*WHAT NEEDS TO BE DONE*
Beginning with the line that contains "Manolo Hernández, otro", retype the entries below exactly, ending with the line that contains "筆刷編輯的「後補正」功能可自". Leave out any pictures.

*THE INPUT*
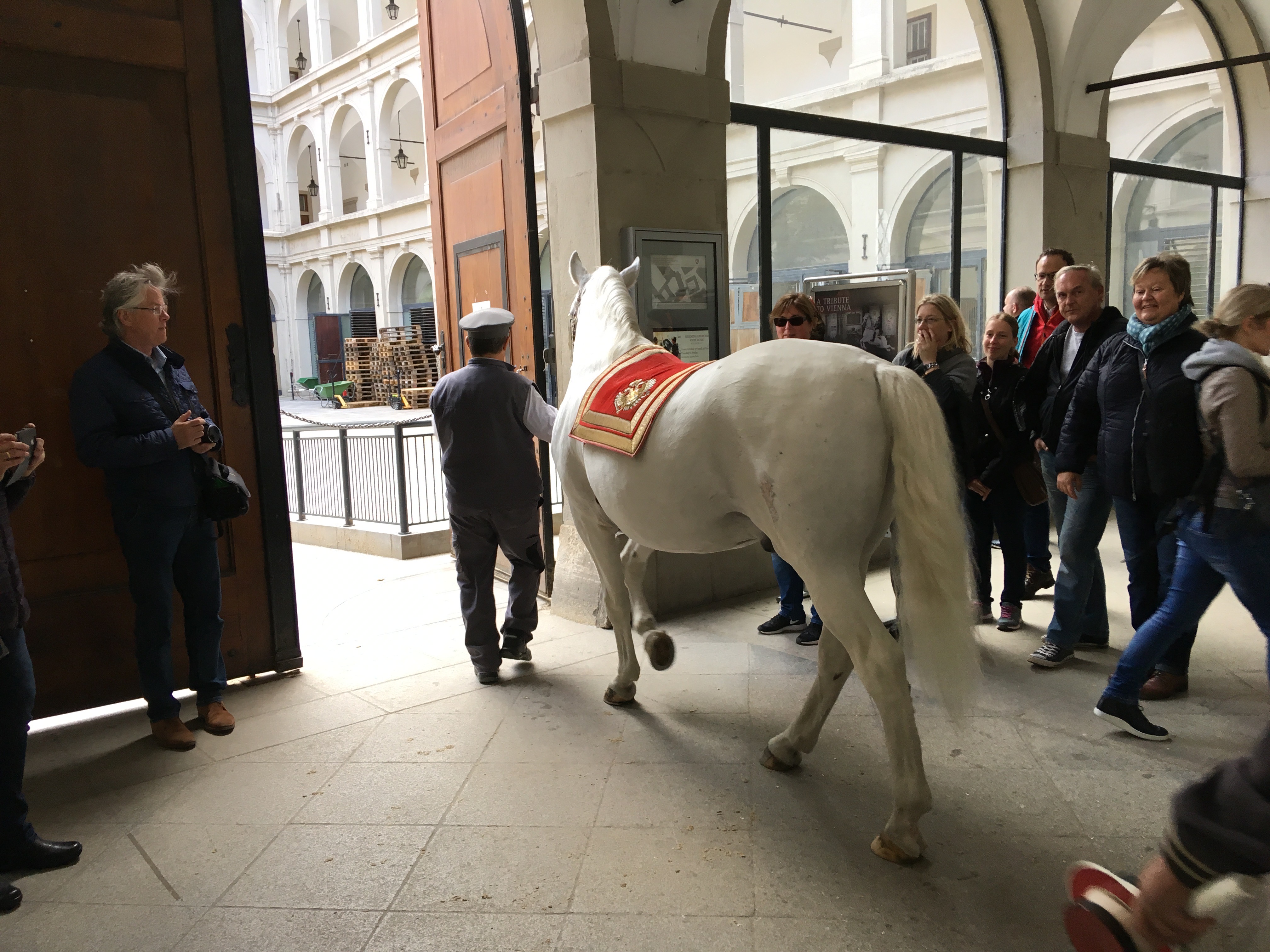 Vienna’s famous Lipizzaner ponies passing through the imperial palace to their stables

...

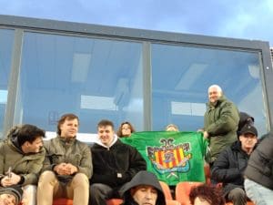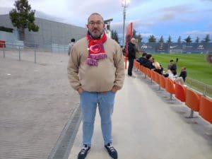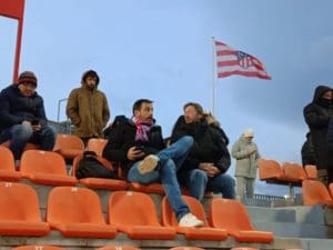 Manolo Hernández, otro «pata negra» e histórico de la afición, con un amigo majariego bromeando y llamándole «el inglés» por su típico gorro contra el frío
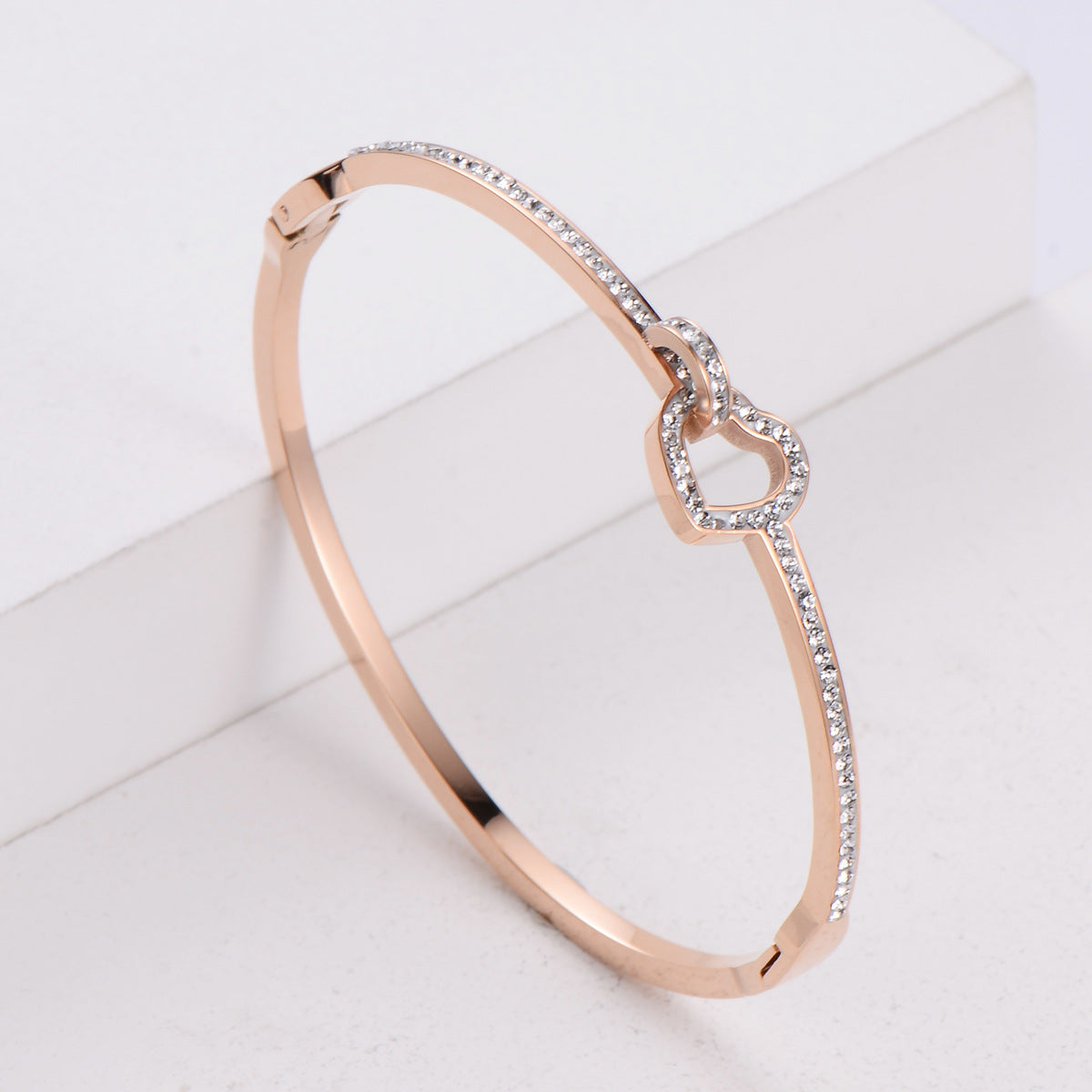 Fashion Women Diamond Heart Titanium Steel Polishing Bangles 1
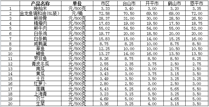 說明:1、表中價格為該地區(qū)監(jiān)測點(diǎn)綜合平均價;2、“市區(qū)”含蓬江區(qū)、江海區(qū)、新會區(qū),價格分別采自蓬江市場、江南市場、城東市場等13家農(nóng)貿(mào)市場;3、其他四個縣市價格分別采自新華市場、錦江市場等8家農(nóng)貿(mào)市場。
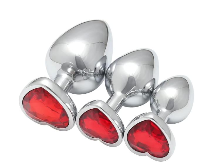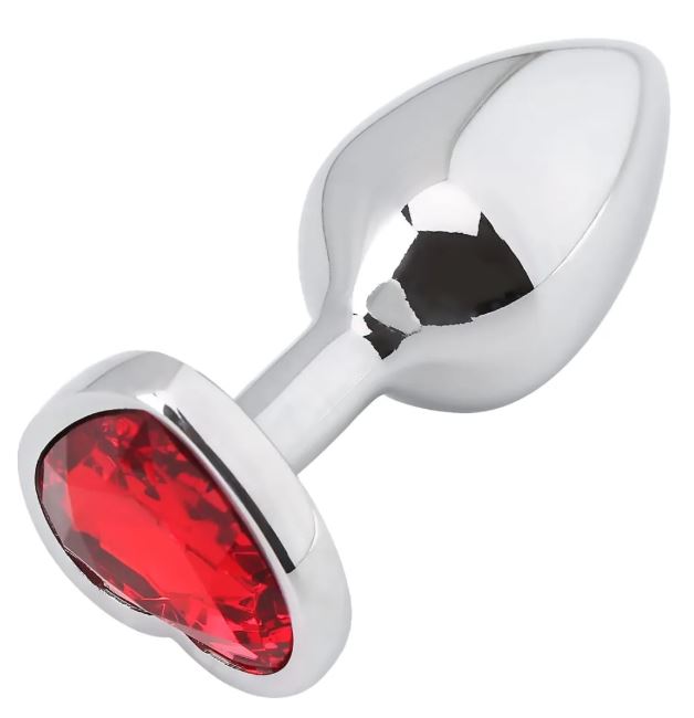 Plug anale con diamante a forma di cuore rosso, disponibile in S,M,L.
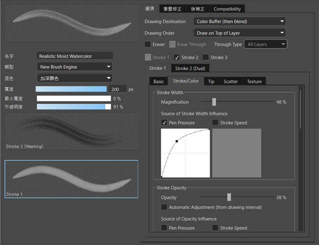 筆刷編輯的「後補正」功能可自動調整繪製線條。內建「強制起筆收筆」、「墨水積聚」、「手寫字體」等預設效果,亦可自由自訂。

...

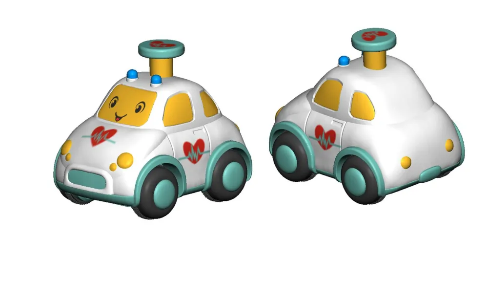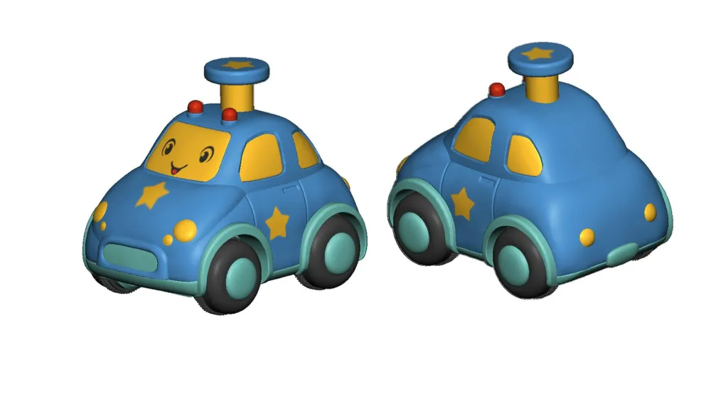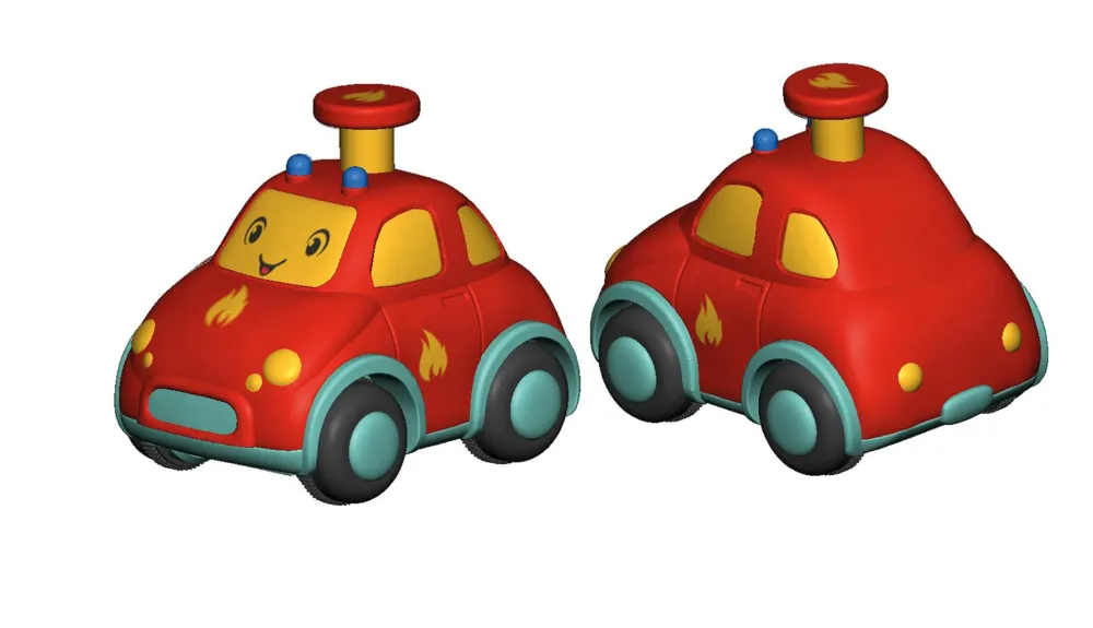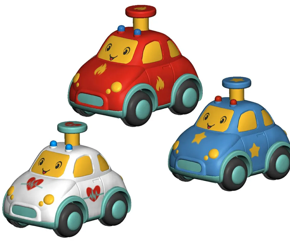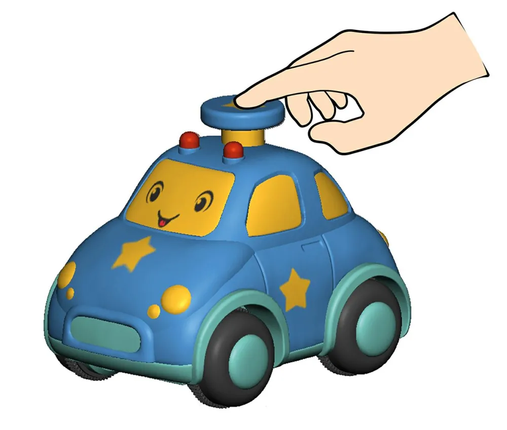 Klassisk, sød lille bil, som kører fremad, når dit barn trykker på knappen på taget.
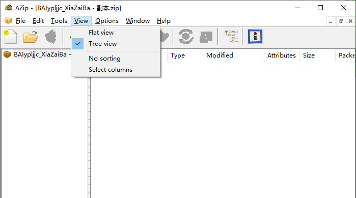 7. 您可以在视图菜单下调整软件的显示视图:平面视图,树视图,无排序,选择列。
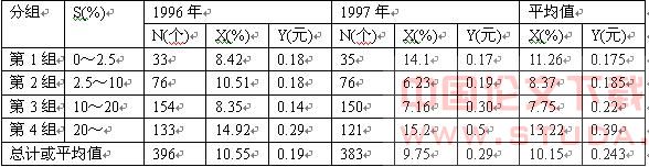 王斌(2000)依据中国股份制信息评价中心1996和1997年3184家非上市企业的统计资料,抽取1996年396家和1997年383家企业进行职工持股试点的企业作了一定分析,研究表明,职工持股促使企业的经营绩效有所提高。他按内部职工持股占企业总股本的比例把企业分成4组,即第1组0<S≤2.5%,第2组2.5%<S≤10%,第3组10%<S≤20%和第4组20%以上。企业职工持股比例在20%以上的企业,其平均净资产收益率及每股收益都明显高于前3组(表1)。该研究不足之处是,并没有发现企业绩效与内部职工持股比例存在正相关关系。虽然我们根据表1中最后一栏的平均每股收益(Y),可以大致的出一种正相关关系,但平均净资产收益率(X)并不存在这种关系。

*RESULT*
 Manolo Hernández, otro «pata negra» e histórico de la afición, con un amigo majariego bromeando y llamándole «el inglés» por su típico gorro contra el frío
 Fashion Women Diamond Heart Titanium Steel Polishing Bangles 1
 說明:1、表中價格為該地區(qū)監(jiān)測點(diǎn)綜合平均價;2、“市區(qū)”含蓬江區(qū)、江海區(qū)、新會區(qū),價格分別采自蓬江市場、江南市場、城東市場等13家農(nóng)貿(mào)市場;3、其他四個縣市價格分別采自新華市場、錦江市場等8家農(nóng)貿(mào)市場。
 Plug anale con diamante a forma di cuore rosso, disponibile in S,M,L.
 筆刷編輯的「後補正」功能可自動調整繪製線條。內建「強制起筆收筆」、「墨水積聚」、「手寫字體」等預設效果,亦可自由自訂。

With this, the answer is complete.